··· EXTRACTED DATA ···
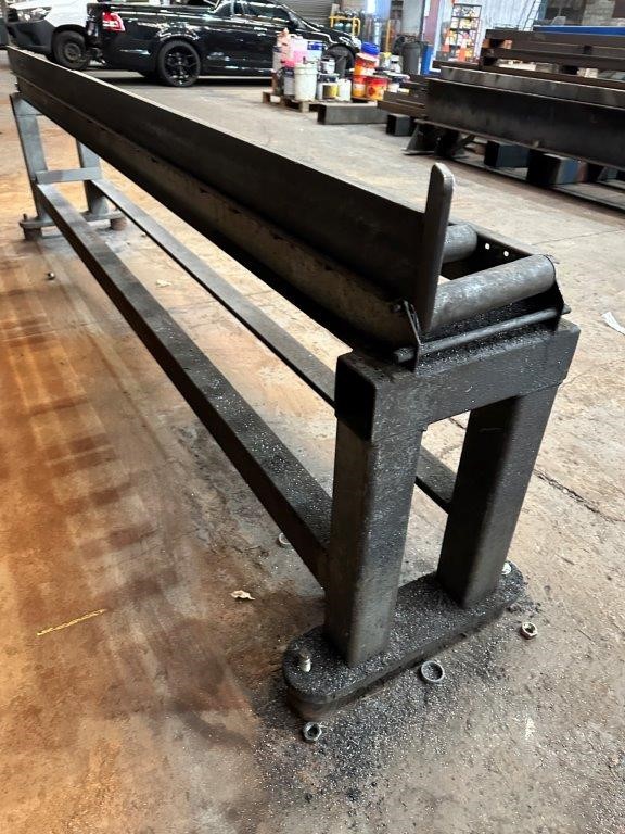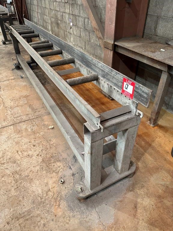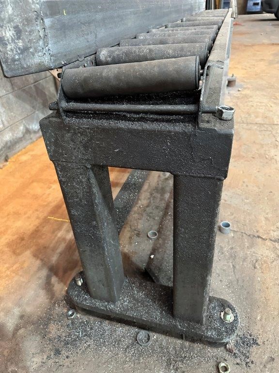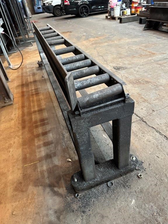 Fabricated metal infeed roller conveyor bench
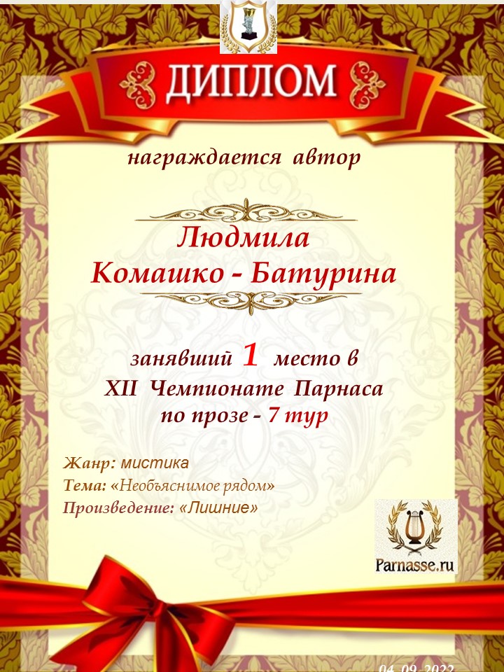 Поздравляю с 1 местом в номинации - Проза! Спасибо за Ваше творчество!
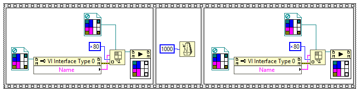 Das Beispiel ist rein exemplarisch. Links rufst du ein VI asynchron auf. Das VI startet und deine Sequenz läuft weiter. der mittlere Teil ist eine stumpfe Wartezeit und gibt dem ersten VI Zeit um sich zu initialisieren. Anschließend wird das zweite VI gestartet.
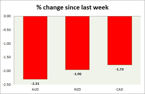 Strength meter (since last week) - Aussie -2.31%, Kiwi -1.96%, Loonie -1.79%.
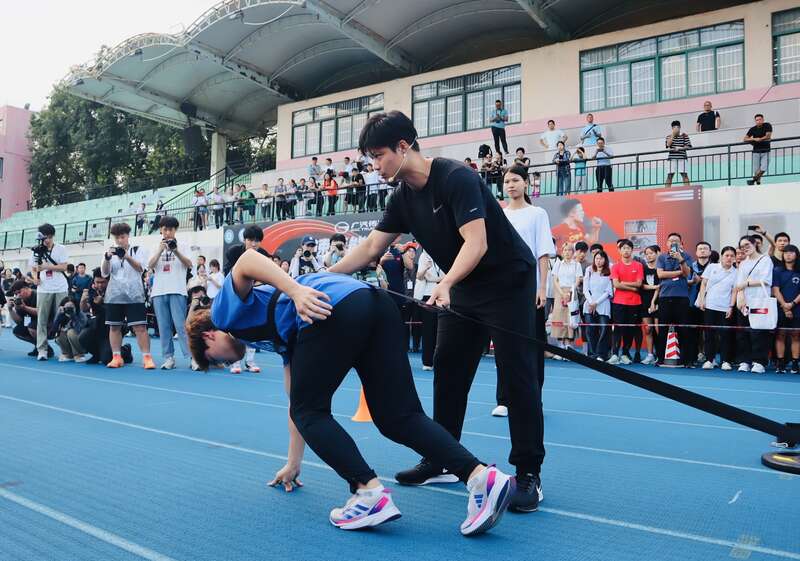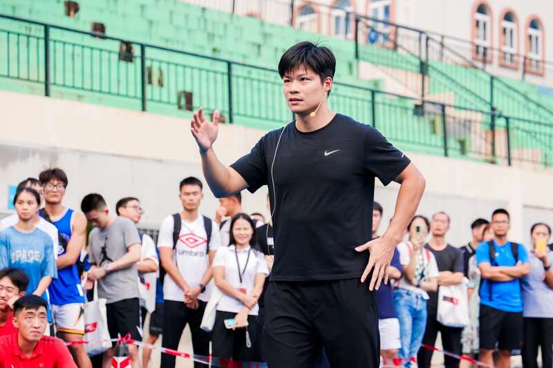 当天下午,苏炳添在暨南大学石牌校区旭日田径场开展短跑实操工作坊,现场讲解跨步跳、雪橇跑、蹬起跑器等训练动作的要领、功能及注意事项,邀请暨南大学体育学院青年教师、国家健将级田径运动员莫有雪演示动作,并指导学生如何综合运用这些训练提升加速跑能力。苏炳添建议学子做好训练记录,他表示自己从2010年开始就对自身训练量和训练频次进行记录,建立数据模型来对比分析。
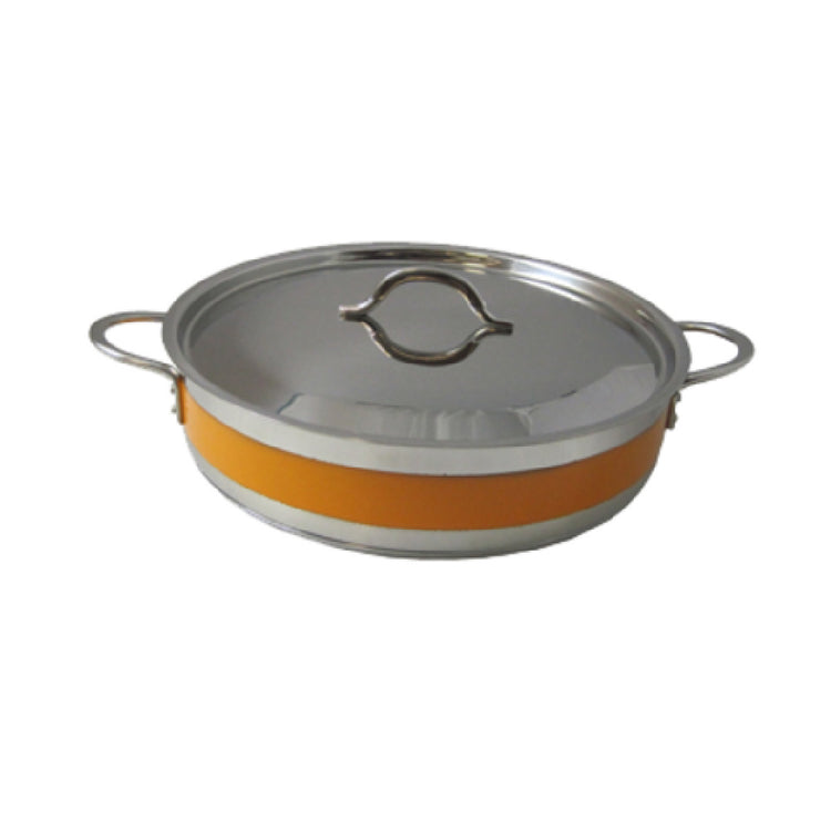 Bon Chef 60030CFORANGE Classic Country French Pot is a versatile 6-quart culinary essential, expertly crafted for both professional kitchens and home chefs. With a diameter of 12-3/8 inches and a height of 3 inches, this round pot is designed to facilitate even cooking and efficient heat distribution. The pot comes with a cover and is equipped with sturdy handles for safe and convenient handling. Its induction bottom enhances compatibility with modern cooktops, while the stainless steel construction ensures durability and longevity, capable of withstanding rigorous use. The striking orange finish not only adds a vibrant touch to any kitchen but also makes it easy to identify. Certified by NSF, this pot meets stringent health and safety standards, making it a reliable choice for food service environments. The Bon Chef 60030CFORANGE Classic Country French Pot combines functionality with style, catering to the needs of various market segments within the culinary industry, from upscale restaurants to casual dining establishments, and even for home cooking enthusiasts who value professional-grade kitchenware. This pot is specially designed to integrate seamlessly into diverse cooking settings, making it a practical yet elegant addition to any cookware collection.
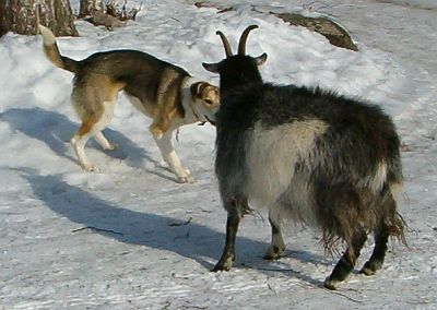 Meidän perheeseen kuuluu myös kaksi vuohta Siru ja Lootus, jotka on mun kamuja. Hei tuut sä Siru leikkimään mun kanssa, vuh.
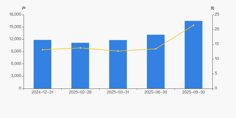 自2025年2月28日以来,公司股东户数连续3期上涨,截至目前增幅为47.88%。2025年2月28日至2025年9月30日区间股价上涨55.81%。
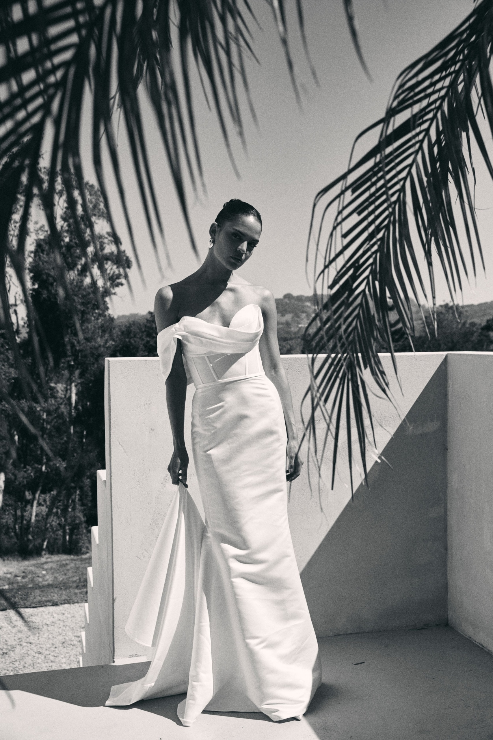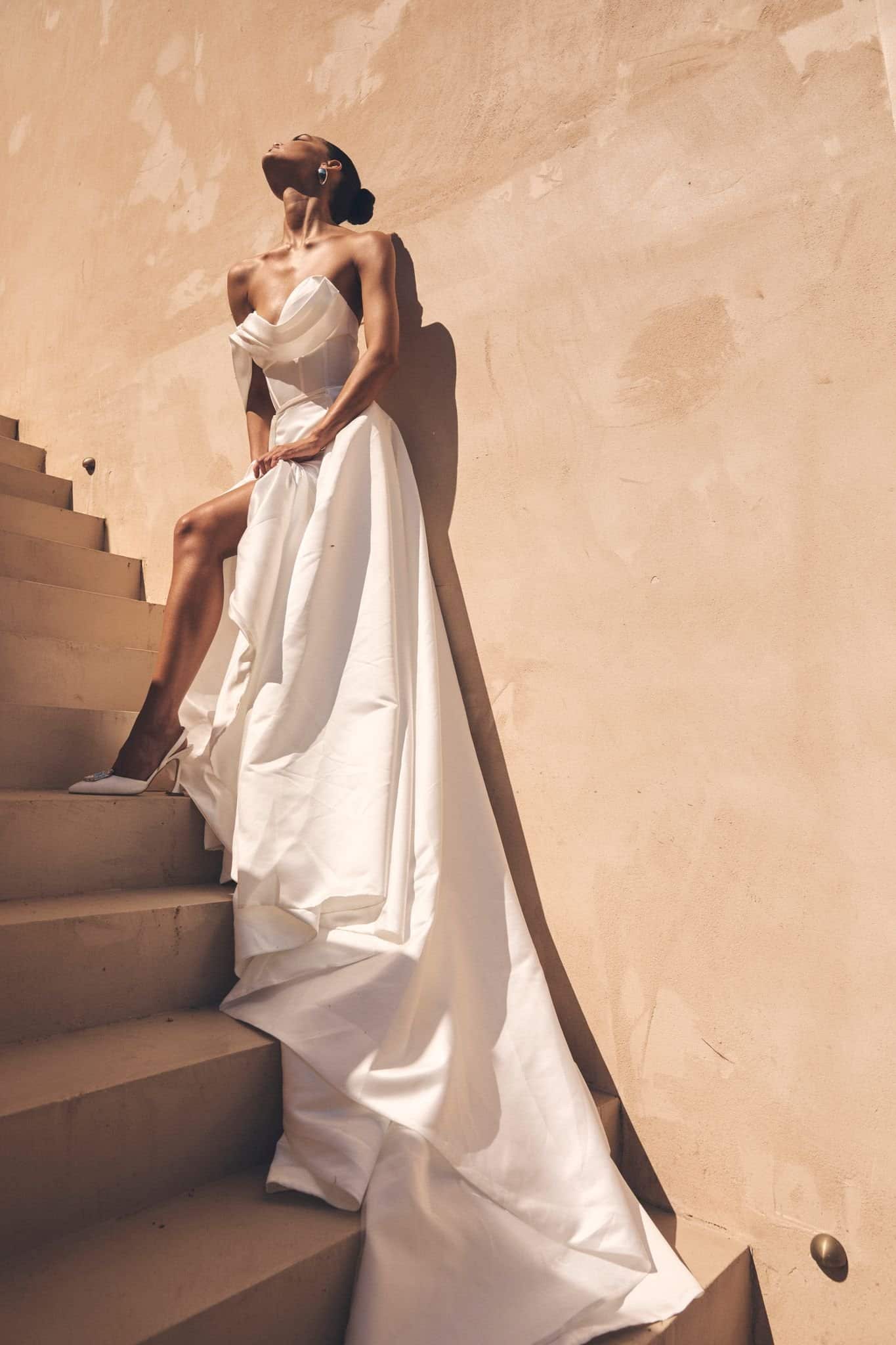 Das Portofino-Kleid verbindet moderne Schlichtheit mit anpassbarer Eleganz und ist perfekt für die Braut, die sich sowohl Raffinesse als auch Vielseitigkeit wünscht. Portofino verfügt über einen abnehmbaren Rock und seitlich drapierte Ärmel, so dass du den Look nach deinen Wünschen gestalten kannst.
···
TASK DIRECTIONS:
Copy the data precisely. Skip every picture.

RESULT FOR THIS TASK:
 Fabricated metal infeed roller conveyor bench
 Поздравляю с 1 местом в номинации - Проза! Спасибо за Ваше творчество!
 Das Beispiel ist rein exemplarisch. Links rufst du ein VI asynchron auf. Das VI startet und deine Sequenz läuft weiter. der mittlere Teil ist eine stumpfe Wartezeit und gibt dem ersten VI Zeit um sich zu initialisieren. Anschließend wird das zweite VI gestartet.
 Strength meter (since last week) - Aussie -2.31%, Kiwi -1.96%, Loonie -1.79%.
 当天下午,苏炳添在暨南大学石牌校区旭日田径场开展短跑实操工作坊,现场讲解跨步跳、雪橇跑、蹬起跑器等训练动作的要领、功能及注意事项,邀请暨南大学体育学院青年教师、国家健将级田径运动员莫有雪演示动作,并指导学生如何综合运用这些训练提升加速跑能力。苏炳添建议学子做好训练记录,他表示自己从2010年开始就对自身训练量和训练频次进行记录,建立数据模型来对比分析。
 Bon Chef 60030CFORANGE Classic Country French Pot is a versatile 6-quart culinary essential, expertly crafted for both professional kitchens and home chefs. With a diameter of 12-3/8 inches and a height of 3 inches, this round pot is designed to facilitate even cooking and efficient heat distribution. The pot comes with a cover and is equipped with sturdy handles for safe and convenient handling. Its induction bottom enhances compatibility with modern cooktops, while the stainless steel construction ensures durability and longevity, capable of withstanding rigorous use. The striking orange finish not only adds a vibrant touch to any kitchen but also makes it easy to identify. Certified by NSF, this pot meets stringent health and safety standards, making it a reliable choice for food service environments. The Bon Chef 60030CFORANGE Classic Country French Pot combines functionality with style, catering to the needs of various market segments within the culinary industry, from upscale restaurants to casual dining establishments, and even for home cooking enthusiasts who value professional-grade kitchenware. This pot is specially designed to integrate seamlessly into diverse cooking settings, making it a practical yet elegant addition to any cookware collection.
 Meidän perheeseen kuuluu myös kaksi vuohta Siru ja Lootus, jotka on mun kamuja. Hei tuut sä Siru leikkimään mun kanssa, vuh.
 自2025年2月28日以来,公司股东户数连续3期上涨,截至目前增幅为47.88%。2025年2月28日至2025年9月30日区间股价上涨55.81%。
 Das Portofino-Kleid verbindet moderne Schlichtheit mit anpassbarer Eleganz und ist perfekt für die Braut, die sich sowohl Raffinesse als auch Vielseitigkeit wünscht. Portofino verfügt über einen abnehmbaren Rock und seitlich drapierte Ärmel, so dass du den Look nach deinen Wünschen gestalten kannst.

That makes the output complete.